Rachel's cousin, Franklin Blake, arrives with the diamond, which is to be bestowed on her during her eighteenth birthday party at her mother's Yorkshire estate. However, there are already disturbing echoes of disruption within the family home.  A housemaid, Rosanna Spearman, a reformed thief, appears both agitated and love-stricken, exhibiting suspicious behaviour, and three Indian jugglers are spotted in town.  The culmination of these oddities result in the diamond disappearing the night it is given to Rachel.  Who perpetrated the theft?  Why is Rachel behaving with a reckless and stubborn agitation? Rosanna's death further complicates the situation and finally Sergeant Cuff, a respected policemen from London is called in to solve the mystery.

source Wikipedia


Considered one of the first detective novels, The Moonstone was bathed in a shower of critical acclaim.  T.S. Eliot claimed that it was "the first, the longest and the best of modern English detective novels in a genre invented by Wilkie Collins and not by Poe."  Dorothy Sayers, writer of the Peter Wimsey mysteries, hailed it as "probably the very finest detective novel ever written," and G.K. Chesterton, creator of the detective Father Brown, declared it "the best detective tale in the world."  Collins himself was attempting an inversion of his earlier novel of suspense, The Woman In White, where he designed the circumstances to affect the characters of the novel.  With The Moonstone, Collins chose to turn that premise on its head and investigate how different characters influence their circumstances.  The characters are sometimes wrong and at other times right in their perceptions, but nevertheless each works to shape the outcome of a situation.  This psychological experiment was a brilliant invention of Collins, adding more mystery and suspense to a story already ripe with uncertainty.

Luckily, I chose to read this one on vacation over the Christmas holidays and was able to fly through it in 2 days with it glued to my hands.  I could hardly put it down, a tribute to Collins' powerful and cryptic narrative.  The story is a wee bit sensational but being a detective novel, I don't think it affected the story in a negative way.  The characters are all well delineated (except one is rather overdone; I'll leave you to guess which one) and the method of presenting the novel in an epistolary style is again, an unusual but effective technique.
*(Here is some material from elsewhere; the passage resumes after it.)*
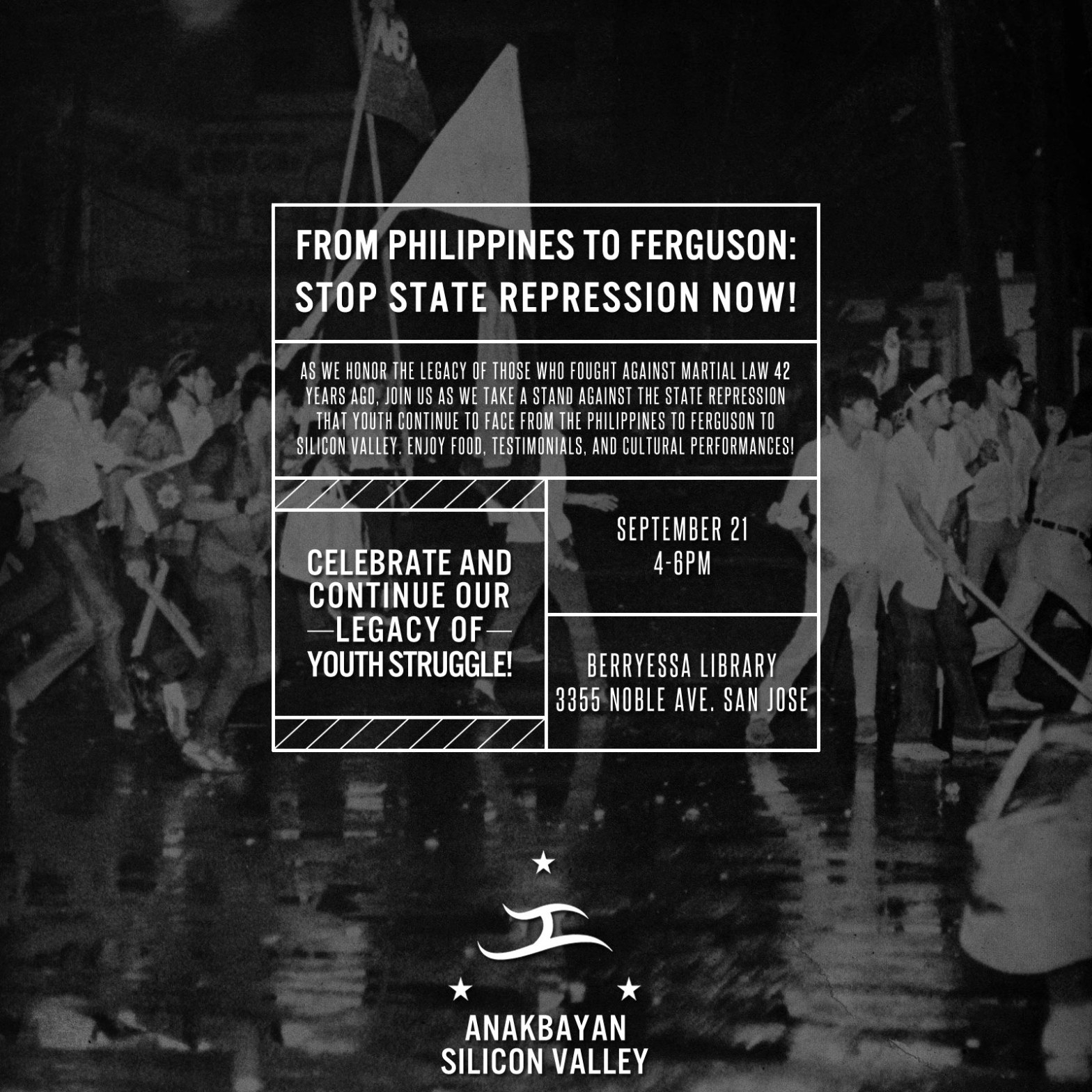 9/21 — 4-6PM @ Berryessa Library, San Jose, CA. Come kick it with us on Sunday, September 21 to honor the legacy of those who fought against martial law in the Philippines 42 years ago. From Philippines to Ferguson to Silicon Valley, we’ll discuss how we can take a stand against state repression! We’ll have food, sharing, and cultural performances too!

Collins' The Moonstone was a great way to start off a year of reading!


Sunday, 5 April 2015

Father Brown: The Worst Crime in the World by G.K. Chesterton


Father Brown has plans to meet his niece in a picture gallery, but before he finds her, he encounters lawyer Granby who wants his opinion.  Should he trust a certain Captain Musgrove enough to advance him money on his father's estate?  The estate is not entitled and it is not conclusive that Musgrove Jr. will be the heir.  Upon the arrival of his niece, Father Brown learns that she is planning to marry the same Musgrove and meets the young man himself.  Musgrove invites both Father Brown and Granby to his father's castle, but then bows out of the trip at the last moment due to an arrival of a couple of shady characters in the background, but encourages the men to make the trip without him.

After they arrive at the castle (having to leap the moat due to a rusty, disabled drawbridge), they meet Old Musgrove, who assures them that his son will inherit, yet he will never speak to him again, due to the fact that he perpetrated the worst crime in the world.  Granby returns to town, secure in his knowledge, but Father Brown remains in the village, determined to discover the details of this dastardly crime.  Will he be able to discover the truth in time to save his niece from the clutches of a villain, or is the old man merely playing with him and there is nothing sinister about his son?  You will only find out, if you read the full story which can be found here:  The Worst Crime in the World - G.K. Chesterton


source Wikimedia Commons

I love Chesterton's Father Brown mysteries and this one does not disappoint.